To resolve the fork issue, you can use forkserver or spawn instead of fork where the child processes will create their own gRPC connections. You can configure Python’s multiprocessing module to override the start method as shown in the snippet below. For example while using data loaders in frameworks like PyTorch (e.g., torch.utils.data.DataLoader with num_workers > 0) alongside gcsfs with Rapid storage:

# Use forkserver
import torch.multiprocessing
# This must be done before other imports or initialization
try:
  torch.multiprocessing.set_start_method('forkserver', force=True)
  # or use torch.multiprocessing.set_start_method('spawn', force=True)
except RuntimeError:
  pass # Context already set
  • forkserver (Recommended for Performance): Starts a single, clean server process at the beginning of your program. Subsequent workers are forked from this clean state. This is much faster than spawn because it avoids re-initializing the Python interpreter and re-importing libraries for every worker. Note that forkserver is only available on Unix platforms.

  • spawn (Recommended for Maximum Safety/Compatibility): Starts a completely fresh Python interpreter for each worker. While this incurs a high startup latency and memory overhead (“import tax”), it is 100% immune to inheriting locked mutexes from background threads. It is also fully cross-platform (works on Windows).

Important Differences to Keep in Mind

When working with Rapid Storage in gcsfs, keep the following GCS limitations and behaviors in mind:

  1. HNS Requirement: You cannot use Rapid Storage without a Hierarchical Namespace.

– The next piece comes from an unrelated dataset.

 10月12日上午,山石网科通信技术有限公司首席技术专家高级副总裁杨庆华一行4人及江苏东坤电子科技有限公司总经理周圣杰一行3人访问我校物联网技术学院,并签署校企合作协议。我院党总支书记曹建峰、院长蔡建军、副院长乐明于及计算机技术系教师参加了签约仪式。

All directory semantics described in the HNS documentation apply here (e.g., real folder resources, strict mkdir behavior).

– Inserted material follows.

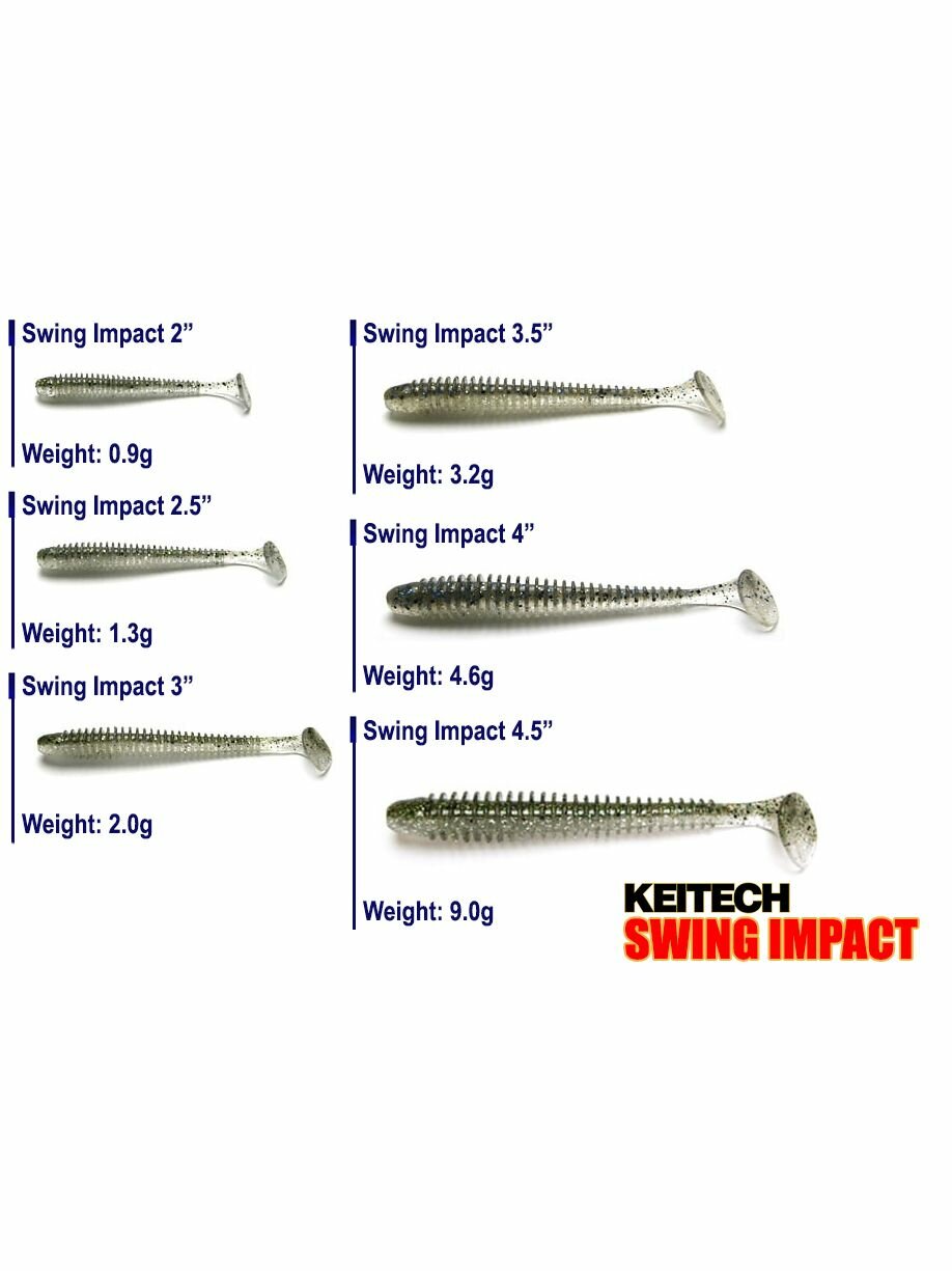 Ребристое тело, из необычайно мягкого «съедобного» силикона, и тончайшая хвостовая пластина позволяют Keitech Swing Impact соблазнительно играть даже на самой медленной проводке, а форма и длина тела прекрасно сочетается с любыми способами монтажа, начиная от джиг-головки и шарнира, заканчивая оснастками «Drop-Shot» и «Каролинской».

  2. Append Semantics: In a standard flat GCS bucket, appending to a file is typically a costly operation requiring a full object download and rewrite. Rapid Storage supports native appends. When you open a file in append mode (ab), gcsfs natively appends to the object and the object’s size grows in real-time.

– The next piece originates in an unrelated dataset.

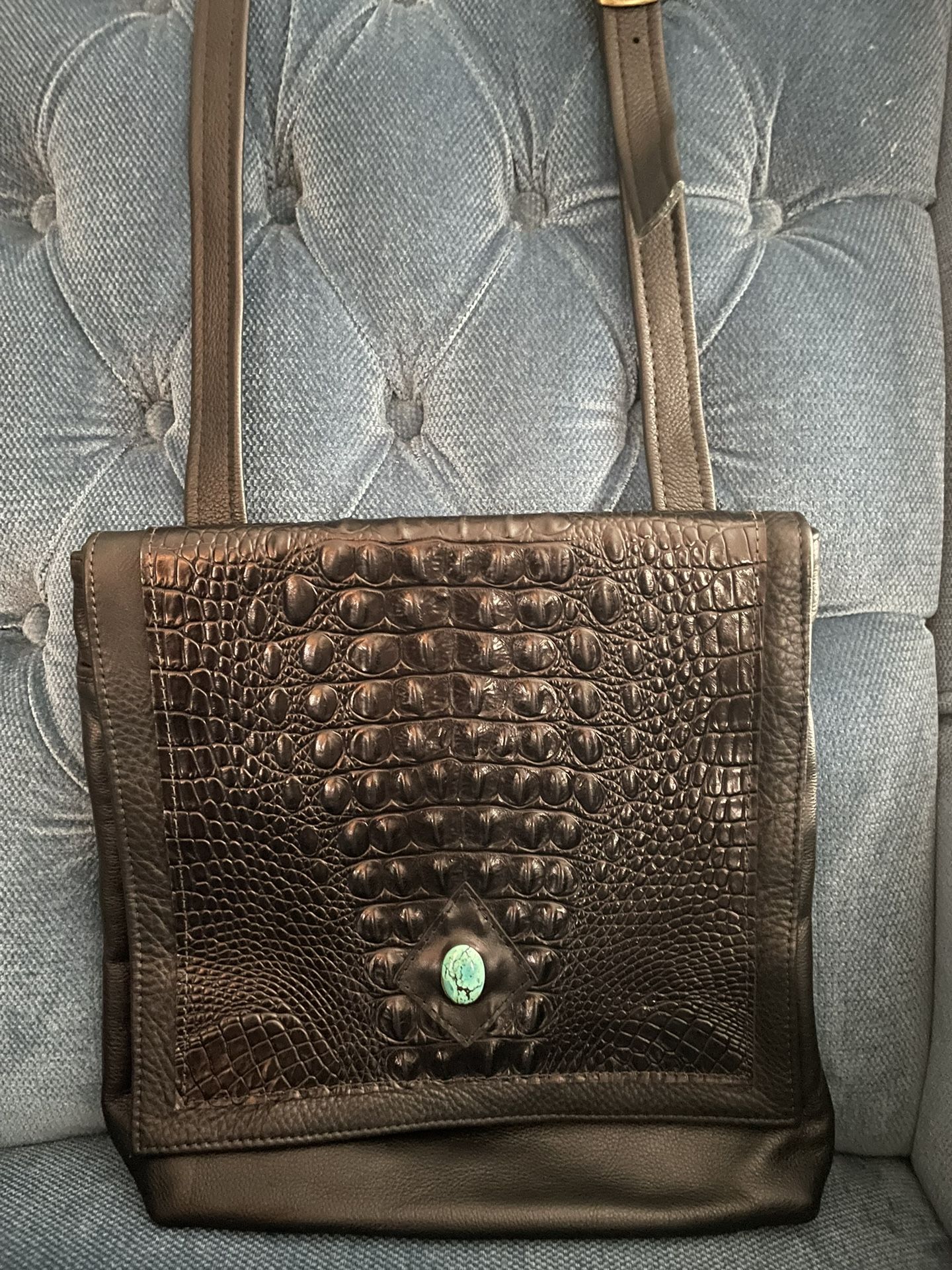 Black leather shoulder bag / purse with turquoise nugget on flap New Suede interior 12” x 12” x 2 1/2” Adjustable shoulder strap Outside and 2 inside zippered pockets 2 inside pouch pockets Metal magnetic snap Beautiful bag!!!!

  3. Single Writer: Appendable objects can only have one active writer at a time. If a new write stream is established for an object, the original stream is interrupted and will return an error from Cloud Storage.

  4. Finalization and Autocommit: Once an object is finalized (e.g., the write stream is closed), you can no longer append to it. To take advantage of native appends, gcsfs keeps the object unfinalized by default. The autocommit argument will not work for Rapid buckets. If you want to finalize the object upon closing, you must specify finalize_on_close=True when opening the file.

  5. Metadata and Object Size: When fetching metadata, the object size might be stale for objects that are unfinalized and still being appended to. Additionally, setting contentType, metadata, fixed_key_metadata, and kmsKeyName is not supported during upload to Rapid buckets.

  6. Transactions: transaction feature is not supported in Rapid buckets since it relies on discard() method which is not supported for Rapid buckets.

  7. Write Buffering: The flush interval is 16 MiB for writes in Rapid buckets, compared to 5 MiB in regional buckets. Calling flush is also more expensive in Rapid buckets because the gRPC stream must update the persisted_size.

  8. Incompatibilities: Rapid buckets currently do not support certain standard GCS features, full list is here: https://docs.cloud.google.com/storage/docs/rapid/rapid-bucket#incompatibilities

For more details on managing, pricing, and optimizing these buckets, refer to the official documentation for Rapid Bucket.